Sasha and Tamara compete for the school captain position. Matt also becomes involved and he and Tamara win. Sasha helps Matt with his speech and he kisses her. She rejects him as she is dating Spencer, but he later breaks up with her. Sasha grows closer to Matt when she learns that he is struggling to take care of his younger sister, Eloise (Darcey Wilson). Sasha convinces Matt to let Eloise go into care. Matt kisses Sasha again, but she rejects his advances. She finds him a place to live with Leah. Matt and Sasha later begin dating. Sasha writes an article about Oscar MacGuire (Jake Speer) hitting Tamara with a car. Evelyn blames Sasha when Oscar is arrested by the police and Matt comes to her defence, but embarrasses Sasha in the process. Matt apologises by Matt stripping off in public to embarrass himself. Sasha replaces Tamara as school captain. Matt and Sasha organise the year 12 formal and they consummate their relationship.

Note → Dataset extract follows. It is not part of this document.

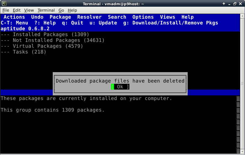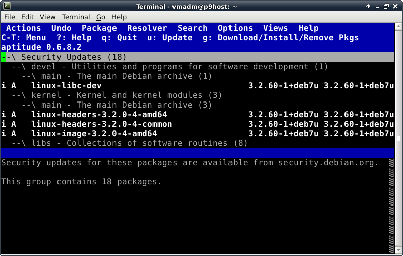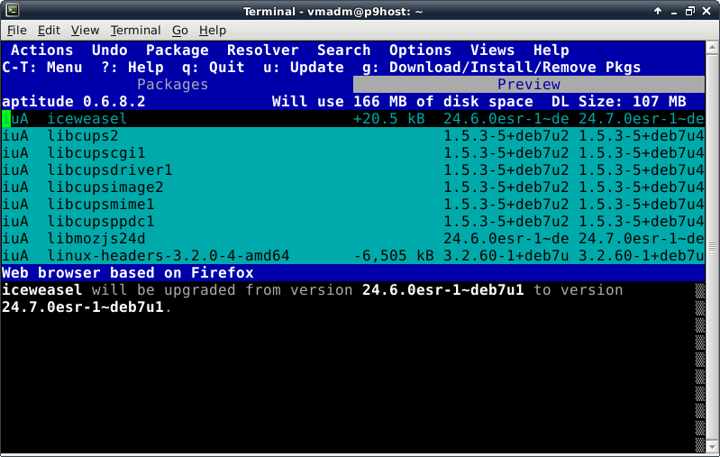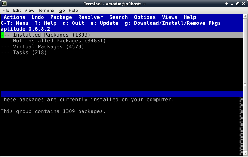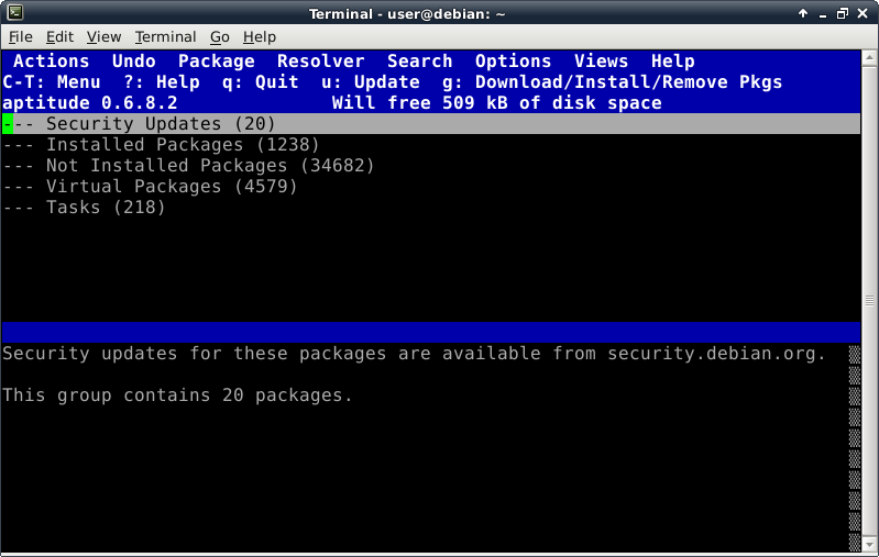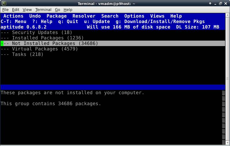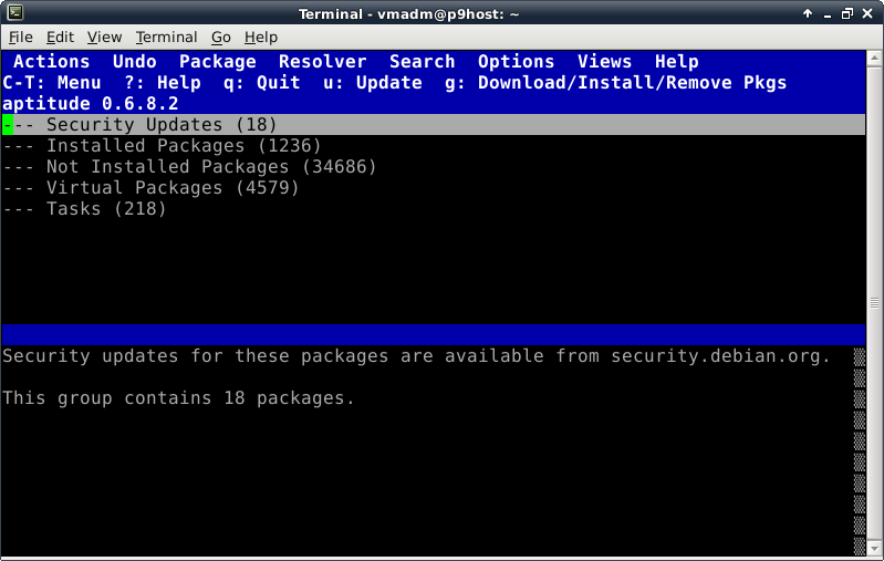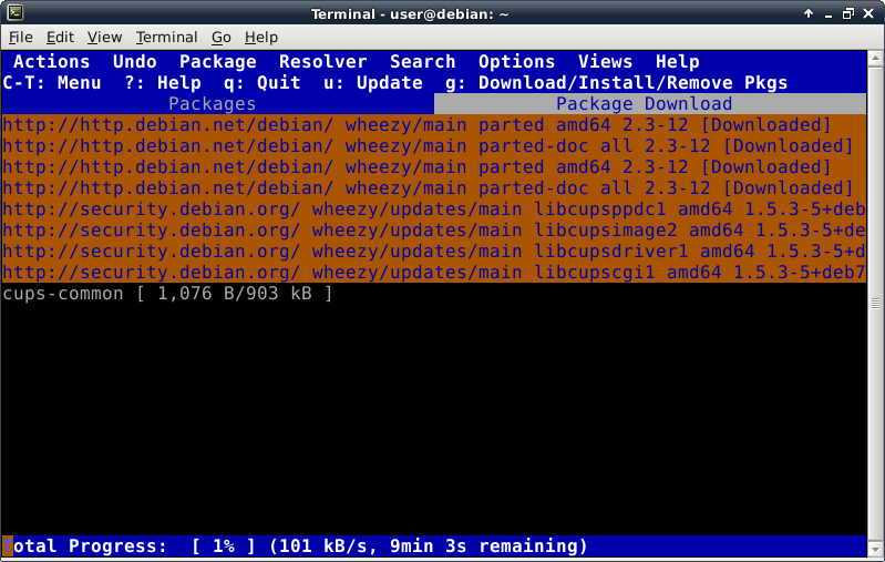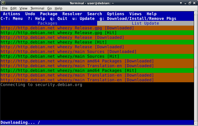 Before trying to install anything using aptitude, make the repository information up-to-date by pressing the lowercase "u" key (for update). Now we verify Internet connectivity is functioning properly. A lot of activity will be displayed looking something like this:

Sasha learns Casey has died and she explains to Matt that she never forgave Casey for hurting her.

Sasha tells Matt that she does not want him to end up like Casey and Matt comforts her. Sasha and Matt's relationship is strained when Matt's father, Gray (Craig Ball), arrives. He attacks Matt for letting Eloise go and threatens Sasha. Things become worse when Sasha thinks Matt cheated on her with Evelyn. Sasha learns that Matt is performing at Phoebe Nicholson's (Isabella Giovinazzo) music launch in the city and she joins other Summer Bay residents on a bus to the launch. The bus crashes, but Sasha only suffers minor injuries. She tries to save the bus driver, but he dies in her arms. Sasha gets into her preferred university and arranges to commute back to the Bay to see Matt every week, when he is forced to return to school. She spends her last night with Matt before leaving for university. Sasha returns early to surprise Matt and they spend the night in the diner. After missing her bus, Matt drives Sasha back to the city. Sasha returns after failing her first assignment. After realising that their relationship won't work long-term, she and Matt break-up and Sasha leaves for good.

==Reception==
For her portrayal of Sasha, Harman was nominated in the Most Popular New Female Talent category at the 2012 Logie Awards. Susan Hill from the Daily Star called Sasha a "wayward teen". A Daily Record reporter thought Sasha and Xavier were a "photogenic couple". Carena Crawford from All About Soap questioned whether a girl of Sasha's size could kill Stu and whether she was being truthful over the events.